Other influenza epidemics—including in 1957 and 1968—have all had multiple waves. The 2009 H1N1(a) influenza pandemic began in April and was followed, in the United States and in the diverse Northern Hemisphere, by a second wave in the fall.

Will There Be a Second Wave?

How and why multi-wave outbreaks occur, and how subsequent waves of infection can be prevented, has become a staple in epidemiological modeling and pandemic preparation studies, which have looked at everything from social behavior and health policy to vaccination and building community immunity, also known as herd immunity.

While second waves and secondary peaks during a pandemic period are technically different, the concern is essentially the same: disease returning to strength.

Is There Evidence of Coronavirus Coming Back Elsewhere?

This is monitored very carefully.

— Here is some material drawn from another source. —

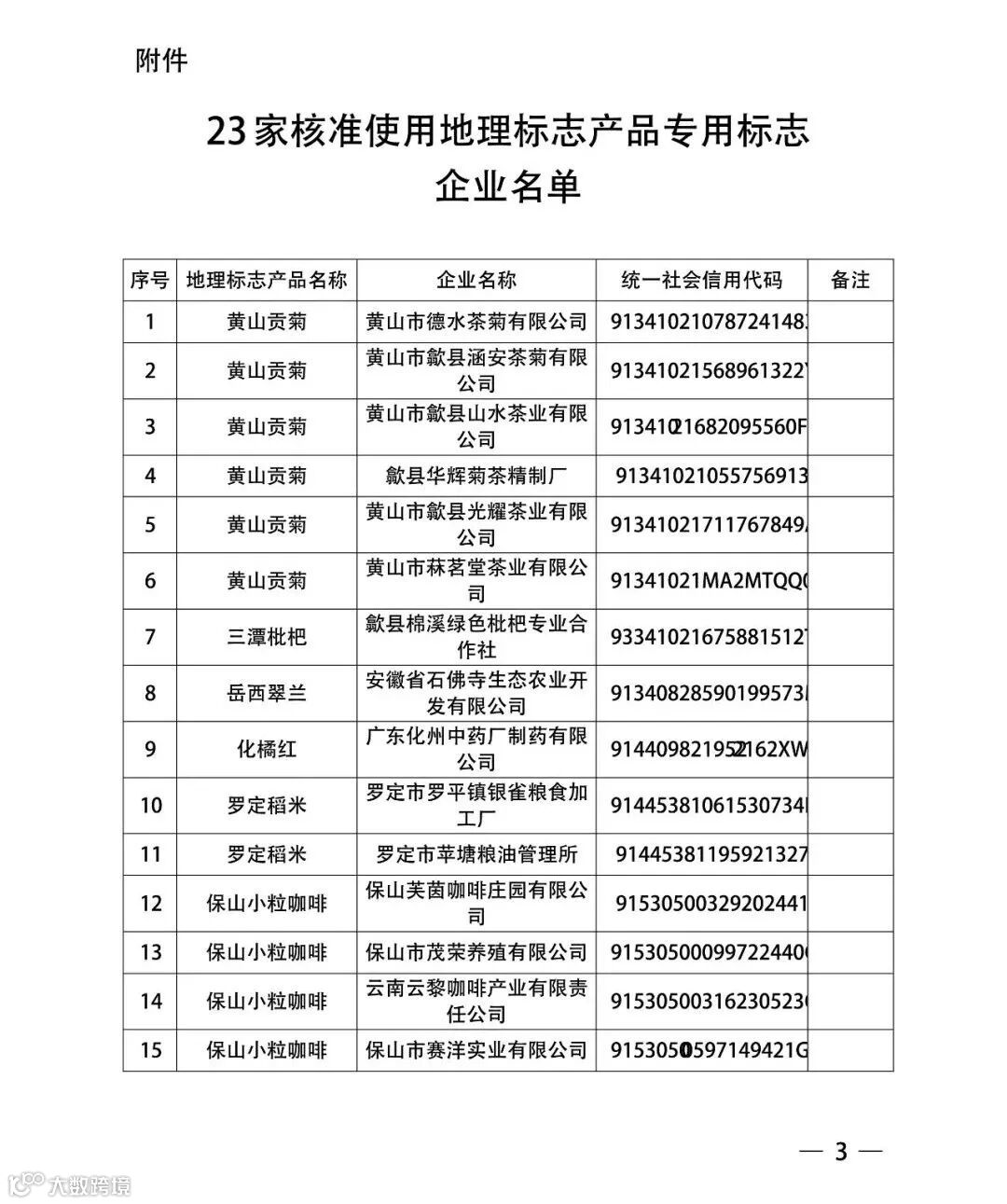 国家知识产权局关于核准黄山市德水茶菊有限公司等23家企业使用地理标志产品专用标志的公告
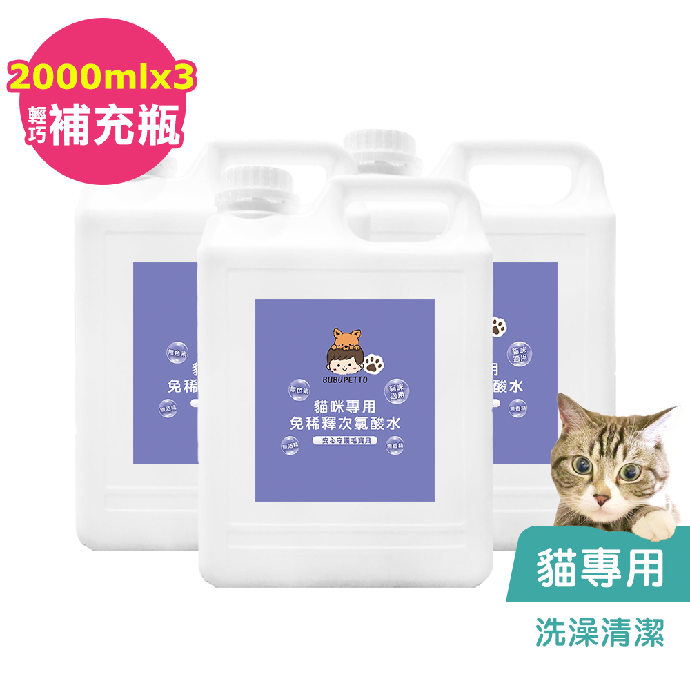 BUBUPETTO-貓咪洗澡清潔用免稀釋次氯酸水2000mlx3瓶(寵物)

Without a vaccine, and without widespread immunity to the new disease, one alarm stems from the experience of Singapore, which has seen a sudden rebound in infections despite being lauded for its early handling of the outbreak.

Although Singapore has established a robust contact tracing system for its general population, the disease has resurfaced in cramped housing used by thousands of foreign workers with inadequate hygiene facilities and communal canteens.

With 1,426 new cases reported on Monday and nine dormitories – the largest housing 24,000 men – declared isolation units, Singapore’s experience, while very specific, has demonstrated the disease’s ability to make a strong comeback in places where people are in close proximity to one another. Its ability to exploit any weakness in the public health systems is set up to counter it.